[[ Exercise inputs, beginning ]]

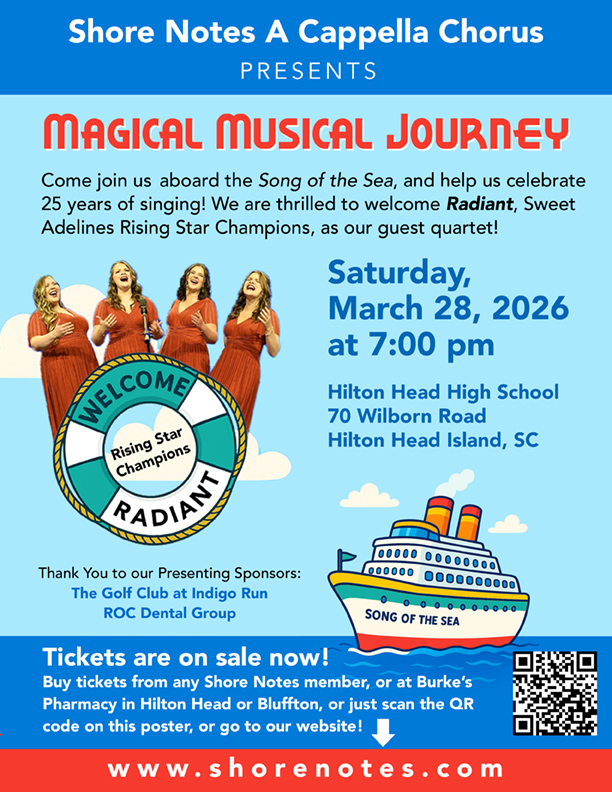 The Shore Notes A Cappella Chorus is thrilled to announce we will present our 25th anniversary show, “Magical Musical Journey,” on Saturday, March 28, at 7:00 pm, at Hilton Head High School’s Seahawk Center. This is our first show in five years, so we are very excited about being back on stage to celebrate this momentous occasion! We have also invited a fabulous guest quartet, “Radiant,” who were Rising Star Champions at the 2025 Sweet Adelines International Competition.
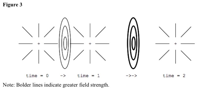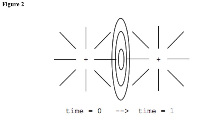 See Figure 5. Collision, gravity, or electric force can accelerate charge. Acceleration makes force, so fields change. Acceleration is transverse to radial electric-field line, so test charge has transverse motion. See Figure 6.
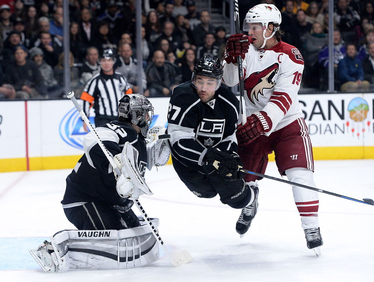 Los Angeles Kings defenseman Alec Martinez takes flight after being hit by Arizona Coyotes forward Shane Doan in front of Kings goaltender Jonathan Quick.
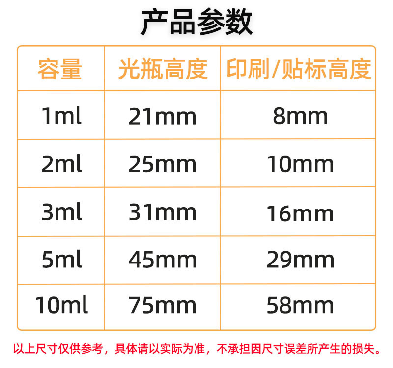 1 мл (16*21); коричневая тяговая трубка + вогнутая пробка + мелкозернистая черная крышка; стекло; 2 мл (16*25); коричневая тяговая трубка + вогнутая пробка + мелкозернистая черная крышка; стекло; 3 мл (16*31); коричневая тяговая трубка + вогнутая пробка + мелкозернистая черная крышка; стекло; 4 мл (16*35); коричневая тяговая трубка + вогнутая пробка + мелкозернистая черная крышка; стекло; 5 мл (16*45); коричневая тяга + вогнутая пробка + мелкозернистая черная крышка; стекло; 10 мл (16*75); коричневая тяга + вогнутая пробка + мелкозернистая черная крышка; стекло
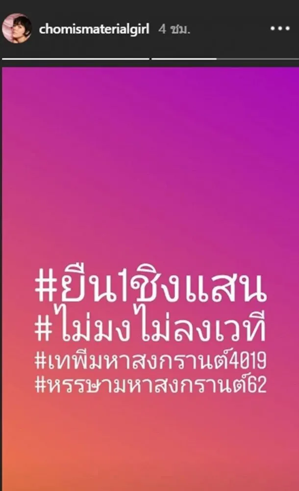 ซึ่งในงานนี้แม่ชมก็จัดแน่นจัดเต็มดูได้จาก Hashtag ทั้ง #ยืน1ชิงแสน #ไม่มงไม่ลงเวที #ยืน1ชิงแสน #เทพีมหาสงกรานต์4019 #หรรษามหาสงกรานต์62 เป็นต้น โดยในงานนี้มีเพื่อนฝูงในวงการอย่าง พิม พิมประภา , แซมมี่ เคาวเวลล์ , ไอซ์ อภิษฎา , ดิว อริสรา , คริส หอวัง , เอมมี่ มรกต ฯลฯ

[[ Exercise inputs, end ]]

**Exercise requirements**
Please keep every line of the data the same when you reproduce it, and keep every picture out.

**Response to the task**
 The Shore Notes A Cappella Chorus is thrilled to announce we will present our 25th anniversary show, “Magical Musical Journey,” on Saturday, March 28, at 7:00 pm, at Hilton Head High School’s Seahawk Center. This is our first show in five years, so we are very excited about being back on stage to celebrate this momentous occasion! We have also invited a fabulous guest quartet, “Radiant,” who were Rising Star Champions at the 2025 Sweet Adelines International Competition.
 See Figure 5. Collision, gravity, or electric force can accelerate charge. Acceleration makes force, so fields change. Acceleration is transverse to radial electric-field line, so test charge has transverse motion. See Figure 6.
 Los Angeles Kings defenseman Alec Martinez takes flight after being hit by Arizona Coyotes forward Shane Doan in front of Kings goaltender Jonathan Quick.
 1 мл (16*21); коричневая тяговая трубка + вогнутая пробка + мелкозернистая черная крышка; стекло; 2 мл (16*25); коричневая тяговая трубка + вогнутая пробка + мелкозернистая черная крышка; стекло; 3 мл (16*31); коричневая тяговая трубка + вогнутая пробка + мелкозернистая черная крышка; стекло; 4 мл (16*35); коричневая тяговая трубка + вогнутая пробка + мелкозернистая черная крышка; стекло; 5 мл (16*45); коричневая тяга + вогнутая пробка + мелкозернистая черная крышка; стекло; 10 мл (16*75); коричневая тяга + вогнутая пробка + мелкозернистая черная крышка; стекло
 ซึ่งในงานนี้แม่ชมก็จัดแน่นจัดเต็มดูได้จาก Hashtag ทั้ง #ยืน1ชิงแสน #ไม่มงไม่ลงเวที #ยืน1ชิงแสน #เทพีมหาสงกรานต์4019 #หรรษามหาสงกรานต์62 เป็นต้น โดยในงานนี้มีเพื่อนฝูงในวงการอย่าง พิม พิมประภา , แซมมี่ เคาวเวลล์ , ไอซ์ อภิษฎา , ดิว อริสรา , คริส หอวัง , เอมมี่ มรกต ฯลฯ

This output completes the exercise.